Forget Cars, for One Spaniard the Autonomous Future Is Forklifts (Bloomberg). I’ll be the first person in line to buy a self-driving car, but considering the legal issues involved (e.g., which insurance company pays if two self-driving cars get in a wreck?), I may have to wait a while before my dream of uninterrupted reading while in transit is realized. However, the sorts of issues that make it difficult to put automatic cars on the roads are absent from the realm of a warehouse or factory. Asti, a Spanish company, is innovating the development of mobile robots to carry equipment, tools, or goods in an industrial setting. Of course Amazon’s warehouses run more efficiently because of robotic palates, but it looks like the aspirations of Asti – whose clients are mostly French, according to this article – are larger. Why does an assembly line need to be in a line? Perhaps some of the tasks would be made easier if materials came to the unfinished product rather than having the unfinished product move on a conveyor belt.

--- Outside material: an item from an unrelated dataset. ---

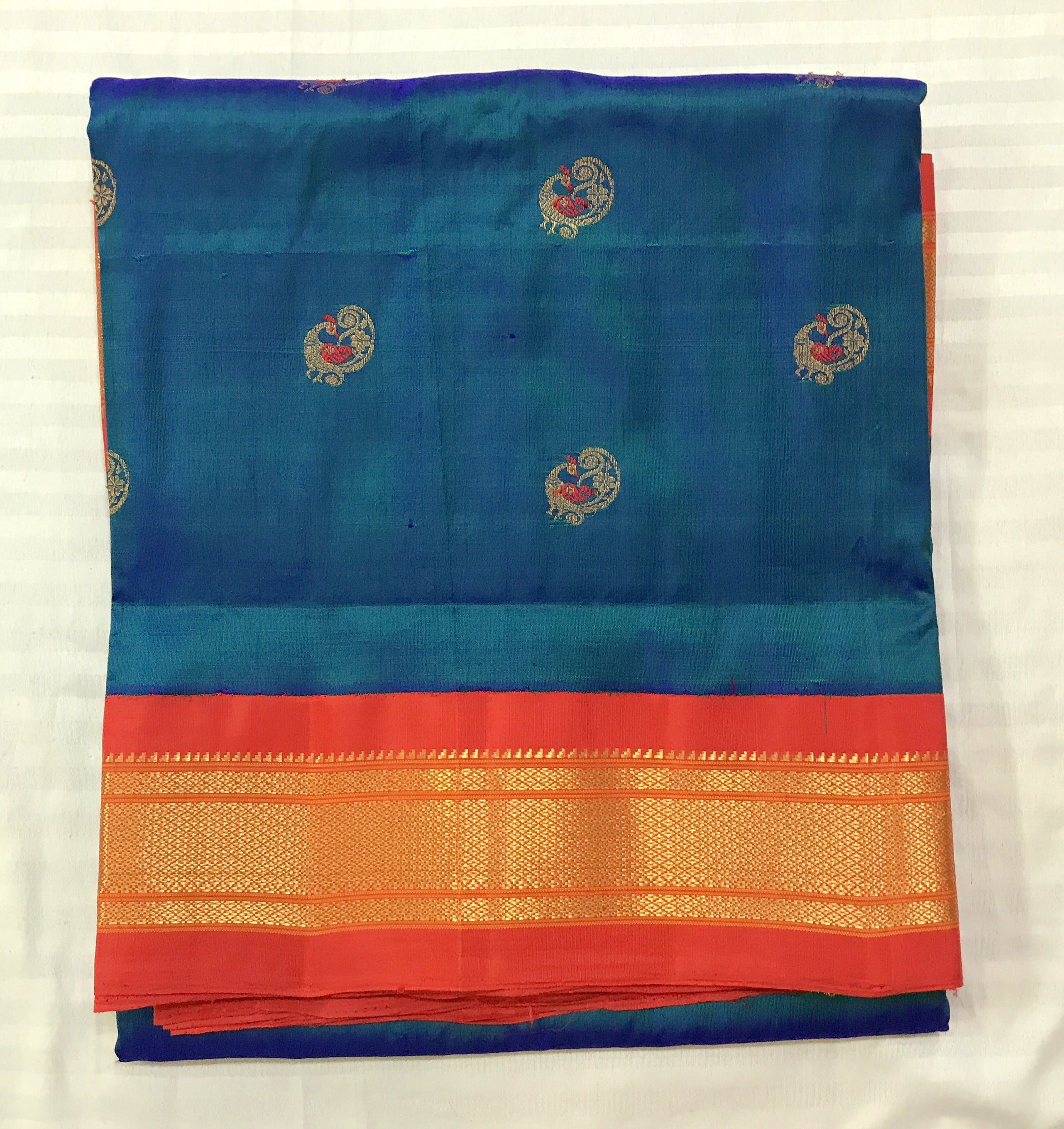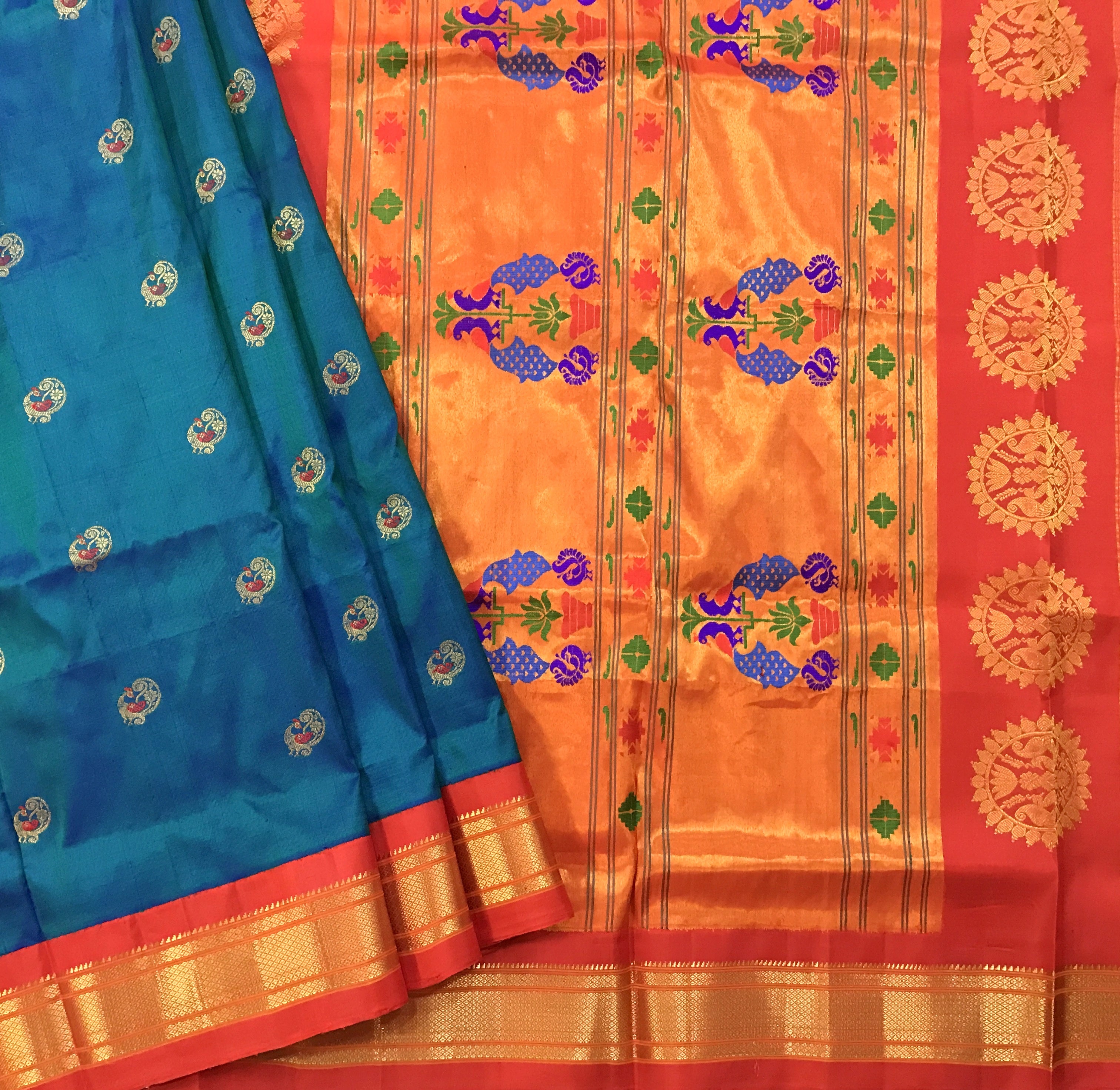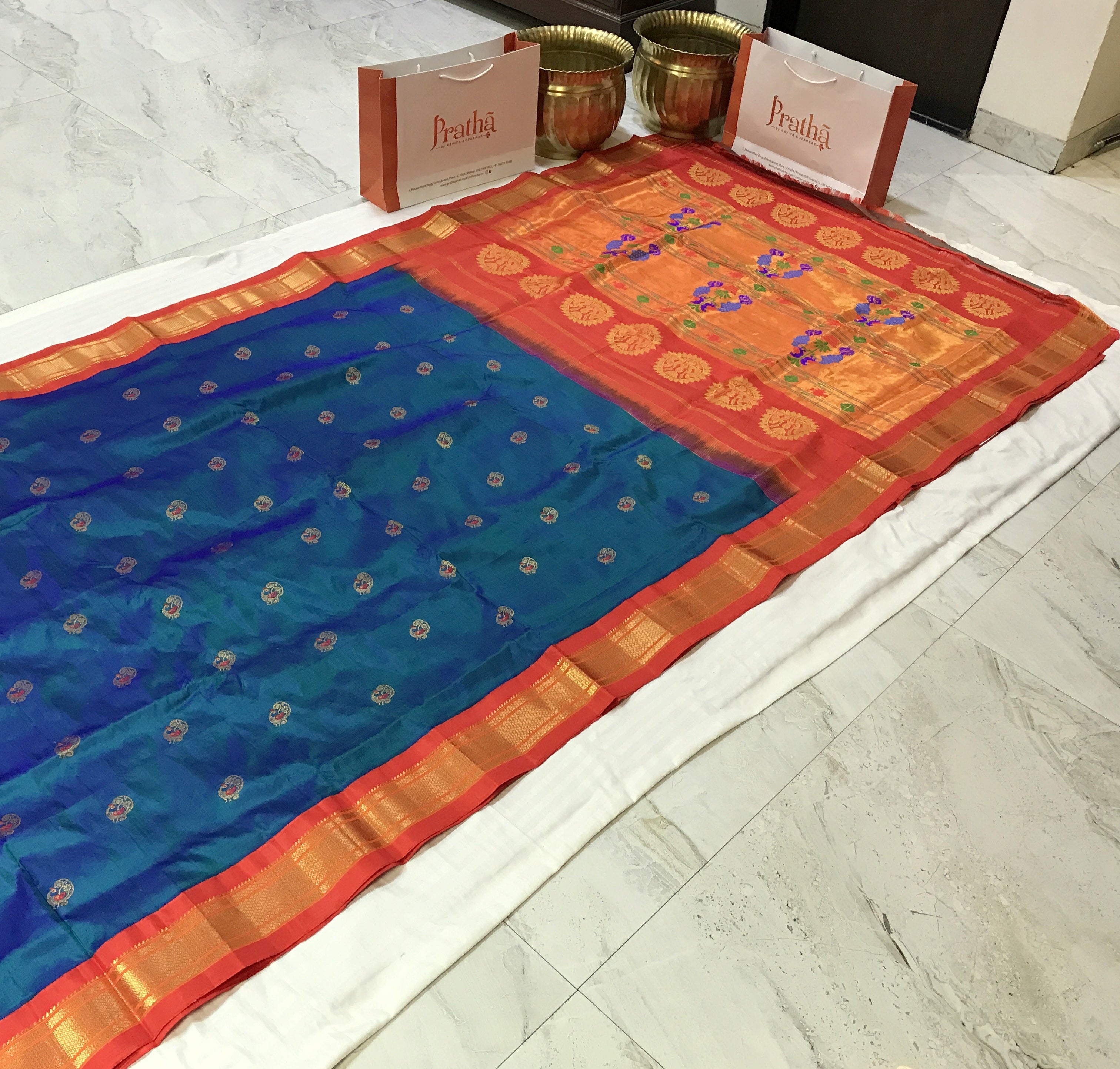 This is an extremely outstanding shade which is a beautiful mix of peacock. This Paithani is an incredible weave! This colour always wins hearts especially when it teams up with a beautiful fresh red at its border and pallu. This classic tissue pallu of this saree stands true to the Paithani tradition. Delicate peacock butti highlighted with red silk adds to the beauty of this weave.

Photographer: Angel Navarrete/Bloomberg

Retail hype vs retail facts (FT Alphaville). I may have access to this column because I was allowed in as a professional analyst. If you can’t view this story, drop me a line and I’ll send you a soft copy.

One big meme of the investing world is that traditional retail is dead. Recent decreases in retail employment and high-profile problems at Sears, JC Penney, and other stores seem to bolster this meme with actual evidence. While I do think the retail world is changing, it is nice to see some hard data on employment trends and on the competition between brick-and-mortar retailers and online. This article provides those data in the form of excerpts from a sell-side report.